Seven crew members were unaccounted for after the collision flooded berths with seawater. Navy divers recovered the bodies after the severely damaged USS Fitzgerald returned to a Navy base in Yokosuka, Japan, aided by tugboats.
The Japan-based 7th Fleet identified the victims on Monday as Gunner’s Mate Seaman Dakota Kyle Rigsby, 19, from Palmyra, Virginia; Yeoman 3rd Class Shingo Alexander Douglass, 25, from San Diego, California; Sonar Technician 3rd Class Ngoc T Truong Huynh, 25, from Oakville, Connecticut; Gunner’s Mate 2nd Class Noe Hernandez, 26, from Weslaco, Texas; Fire Controlman 2nd Class Carlosvictor Ganzon Sibayan, 23, from Chula Vista, California; Personnel Specialist 1st Class Xavier Alec Martin, 24, from Halethorpe, Maryland; and Fire Controlman 1st Class Gary Leo Rehm Jr., 37, from Elyria, Ohio.
Earlier, the mother of a U.S. Navy sailor who survived a direct hit to his sleeping berth during a collision at sea said her son kept diving to try to save his shipmates until the flooded berth began running out of air pockets, while others — believing the ship was under attack — hurried to man the guns.

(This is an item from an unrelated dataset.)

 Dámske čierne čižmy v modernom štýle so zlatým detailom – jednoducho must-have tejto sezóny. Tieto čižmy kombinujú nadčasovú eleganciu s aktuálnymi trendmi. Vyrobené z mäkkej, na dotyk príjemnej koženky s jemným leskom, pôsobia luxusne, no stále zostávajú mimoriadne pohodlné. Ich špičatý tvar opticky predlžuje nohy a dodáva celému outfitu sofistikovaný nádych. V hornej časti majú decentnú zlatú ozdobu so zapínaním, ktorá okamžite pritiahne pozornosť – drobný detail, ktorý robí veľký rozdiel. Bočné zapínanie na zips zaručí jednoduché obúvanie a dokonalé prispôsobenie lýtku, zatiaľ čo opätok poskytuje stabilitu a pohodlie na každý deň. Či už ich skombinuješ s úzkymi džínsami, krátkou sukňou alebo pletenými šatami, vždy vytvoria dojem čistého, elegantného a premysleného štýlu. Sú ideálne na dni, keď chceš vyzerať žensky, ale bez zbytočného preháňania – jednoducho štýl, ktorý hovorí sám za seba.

Mia Sykes of Raleigh, North Carolina, told The Associated Press on Sunday that her 19-year-old son, Brayden Harden, was knocked out of his bunk by the impact, and water immediately began filling the berth, after their destroyer, the USS Fitzgerald, collided with a Philippine-flagged container ship four times its size off the Japanese coast.
The ships collided about 2:20 a.m. Saturday, when the Navy said most of the 300 sailors on board would have been sleeping, and authorities have declined to speculate on a cause while the crash remains under investigation.

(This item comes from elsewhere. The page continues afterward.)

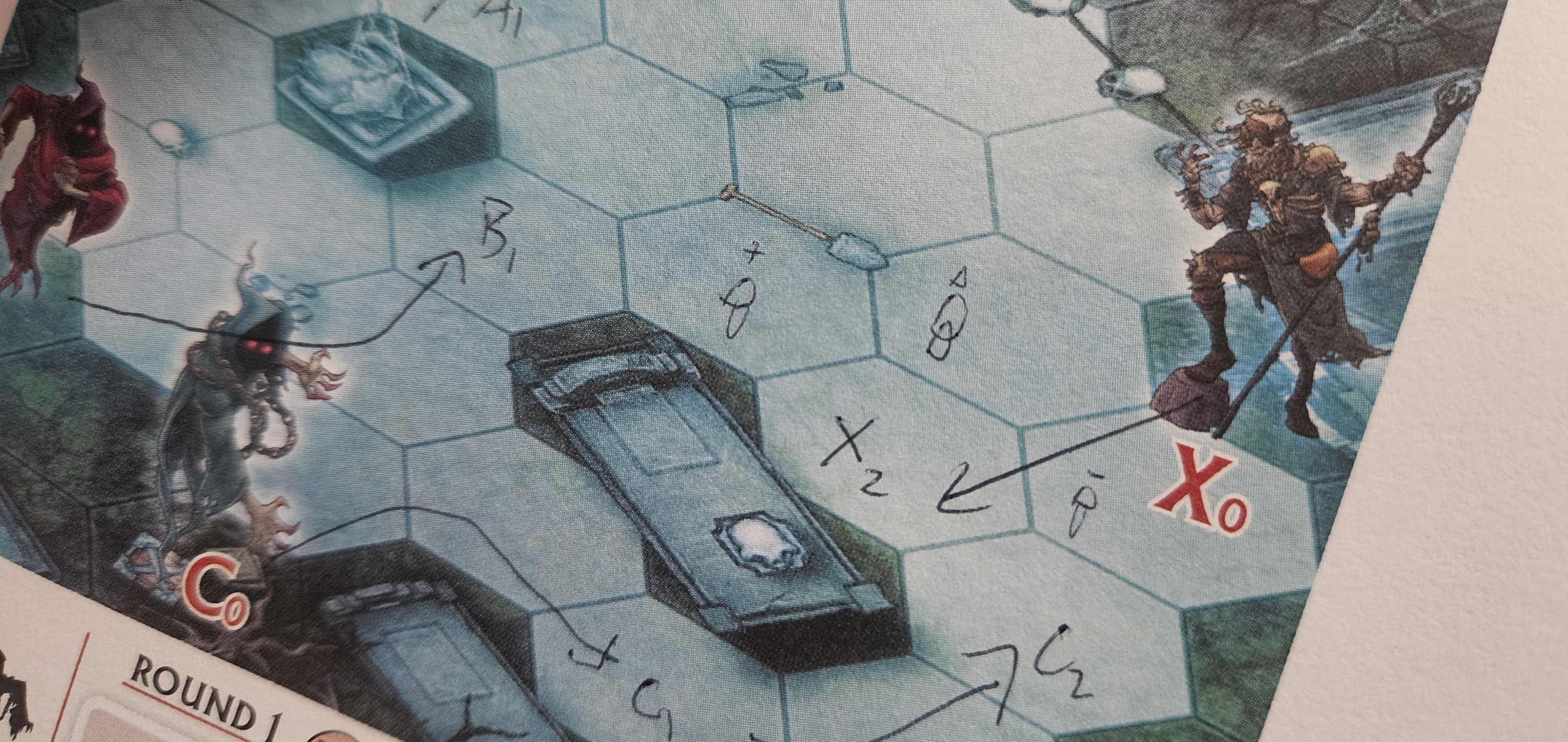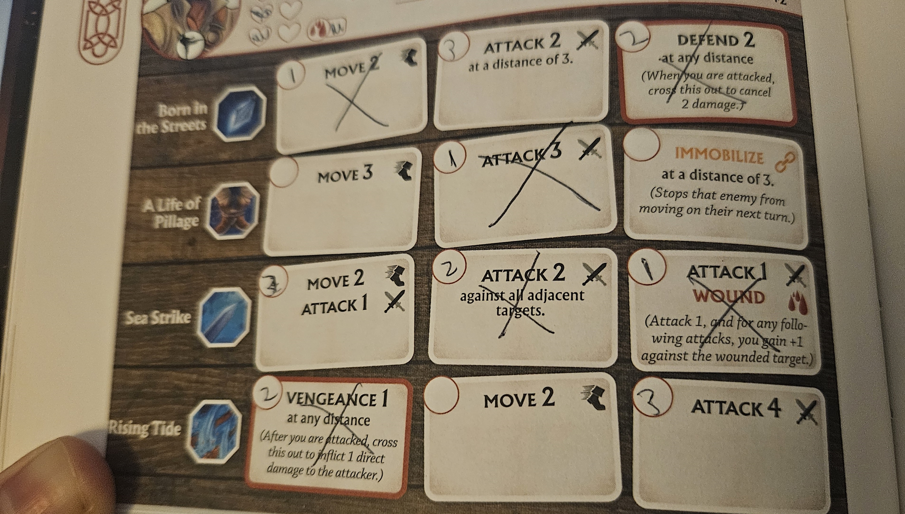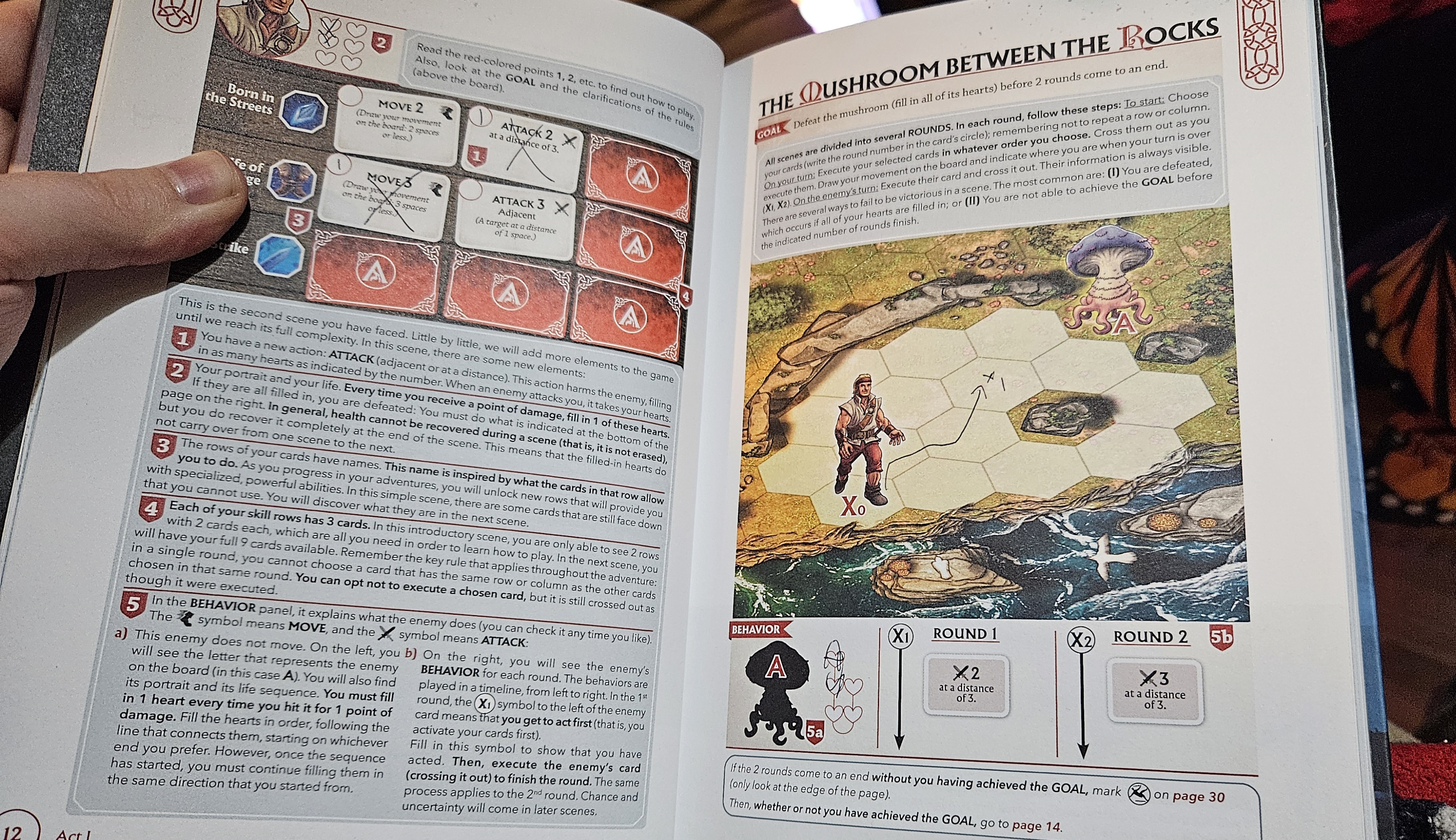 The centerpiece of these battles is a card system that’s printed directly onto the top left of each encounter. At first, your character has three rows of cards, although new unlocks gradually permit a fourth and fifth row. These represent the moves, attacks, and special abilities your character can unleash on their foes. Movement has you scrawl little arrows onto the hex grid, attacks scratch out your opponent’s hearts, and there are little status effects like wounds and immobilization for tweaking enemy behavior.

Sykes says her son told her that four men in his berth, including those sleeping on bunks above and below him died, while three died in the berth above his.
“They did what they were trained to do,” said Sykes, who said she hopes her son, from Herrin, Illinois, can come home to be with family as he works through what happened. “You have to realize most of them are 18, 19 and 20-year-olds living with guilt. But I told him, ‘There’s a reason you’re still here and make that count.’ ”
Vice Adm. Joseph Aucoin, the commander of the Navy’s 7th Fleet, also described a harrowing scene as other sailors fought to keep the ship from sinking. Most of the damage is below the waterline, including a large gash near the keel, Aucoin said.
“So the water flow was tremendous, and so there wasn’t a lot of time in those spaces that were open to the sea. And as you can see now, the ship is still listing, so they had to fight the ship to keep it above the surface. It was traumatic,” Aucoin said.
The Navy called off the search for seven missing sailors Sunday after divers found a number of bodies in the ship’s flooded compartments, including sleeping quarters, Aucoin said at a news conference at the 7th Fleet’s home base in Yokosuka, Japan. He wouldn’t say how many bodies were recovered, pending notification of next of kin.
He said one machinery room and two berthing areas for 116 crew members were severely damaged from what he called a significant impact to its side. The destroyer returned to Yokosuka on Saturday evening with the help of tug boats.
The victims might have been killed by the impact of the collision or drowned in the flooding, said Navy spokesman Lt. Paul Newell, who led the media on a visit to get a firsthand look at the mangled destroyer. “The damage was significant,” he said. “This was not a small collision.”